Pessimists Soften Bearish Forecasts for World Economy

Posted May. 28, 2009 08:06,   

한국어

With key indicators improving in many economies worldwide, many experts are indicating the worst for the world economy might be over. Even the most hardened pessimists have softened their bearish forecasts.

Still, many say more effort and time are needed to turn expectations of global economic recovery into reality.

○ Forecasts of the top four pessimists

Nouriel Roubini, an economics professor at New York University, is known as “Dr. Doom” due to his pessimism over the global economy. At the Seoul Digital Forum in Seoul yesterday, he said, “There is light at the end of the tunnel. The end of the U.S. recession is likely to come at the end of the year.”

“Though there’s still a long way to go, governments have announced appropriate policies. Asian economies have shown strong recovery due to a small amount of fiscal deficit and household and financial institution debt.”

Roubini said, however, that the pace of economic growth will slow down even after recovery. He had long argued that the U.S. economy would suffer from a bubble in the housing market, a sluggish mortgage market and plummeting consumer confidence since 2006, when the economy was in good shape.
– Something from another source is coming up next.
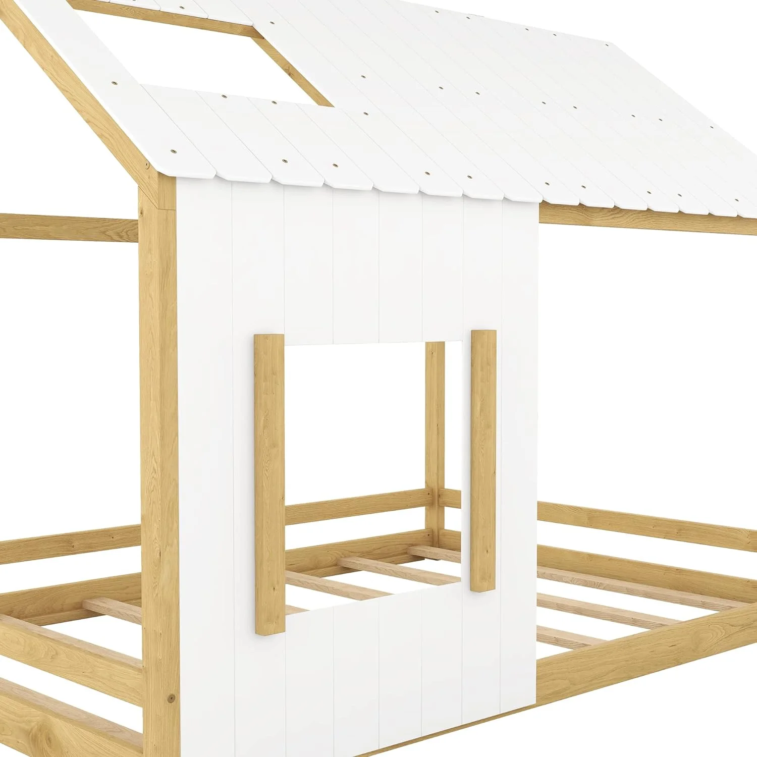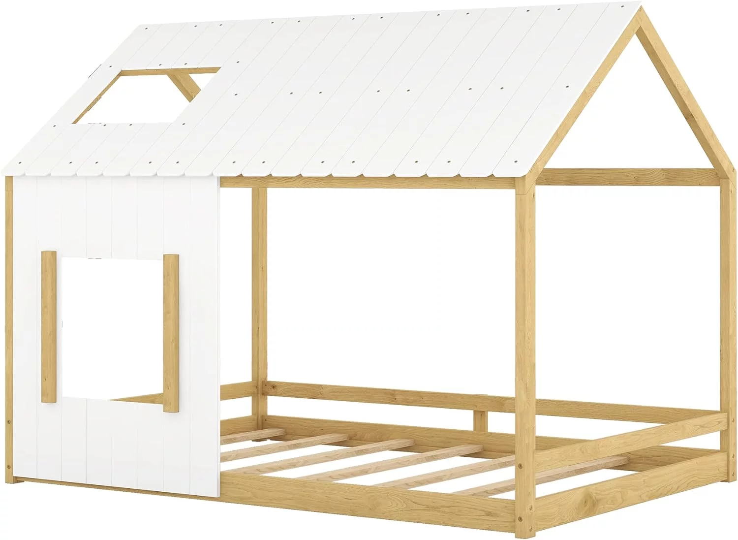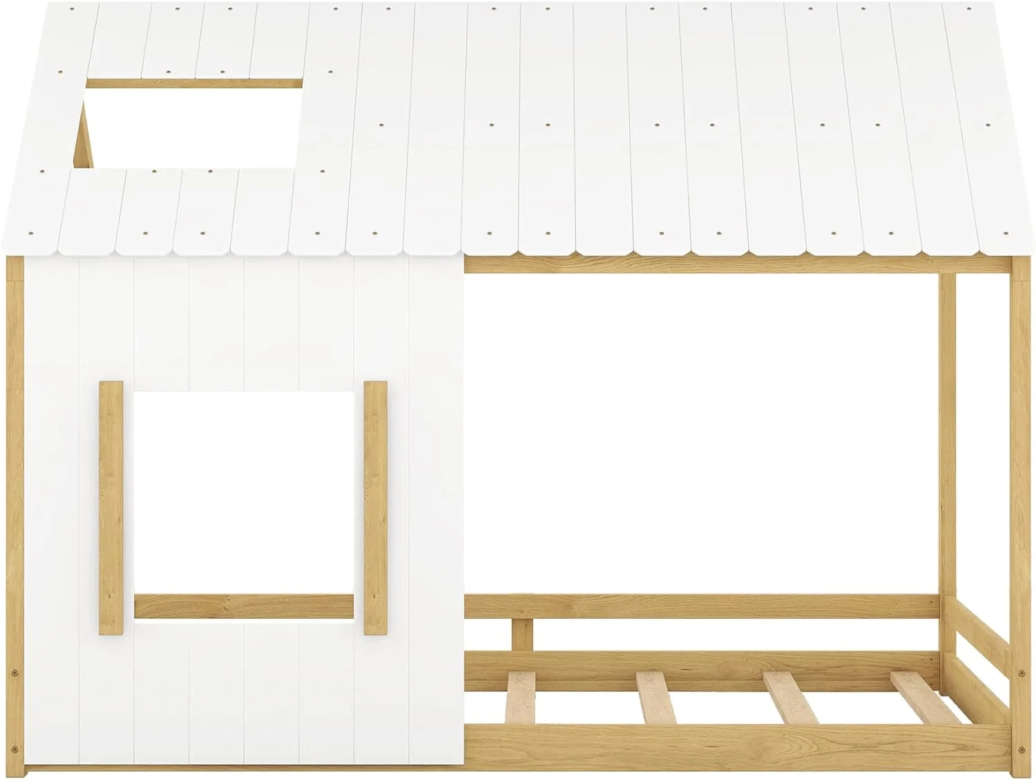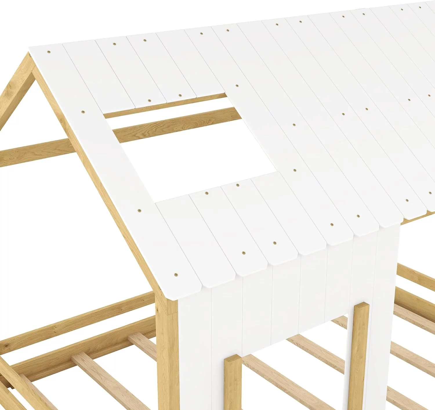 House Bed For Kids, Wood Size Wood With Wood Roof, Cabin Bed, Floor Bed For Kids, Teens (White, Size)

Over in the United Arab Emirates, Paul Krugman of Princeton University told a seminar, “The world economy has avoided utter catastrophe. Industrial production could start to grow in two months.”

Krugman, who won last year’s Nobel Prize in economics and is a columnist for the New York Times, has repeatedly warned of a global recession comparable to the one Japan experienced in the 1990s.

Yale University professor Robert J. Shiller and former Wall Street investment strategist Marc Faber, who is also known as a pessimist, have recently recommended buying properties and invest in stocks again.

○ Slow recovery

Why have pessimistic economists shifted their views? Min Sang-gi, a business management professor at Seoul National University, said “Groundless fear has vanished into thin air as U.S financial institutions have survived longer than expected and their stock prices have kept growing.”

Indexes reflecting consumer and producer confidence have also significantly improved. Korea Investment & Securities researcher Kim Hak-gyun said, “The U.S. housing market, which created the global economic crisis, has not begun recovering yet. But respondents to surveys on economic forecasts have given positive answers.”

Other economists, however, remain bearish on the global economy over the mid to long term. They say the world economy will not return to its pre-crisis level even if the U.S. economic slowdown stops because soaring U.S. unemployment will block robust consumption growth.

At the Seoul Digital Forum, Song Hongbing, the author of “Currency Wars” and the dean of the Academy of Global Finance and Economy in China, said, “The U.S. will suffer a recession comparable to Japan’s in the 1990s since U.S. unemployment has kept growing and the number of its baby boomers, who account for a large share of consumers, will peak this year.”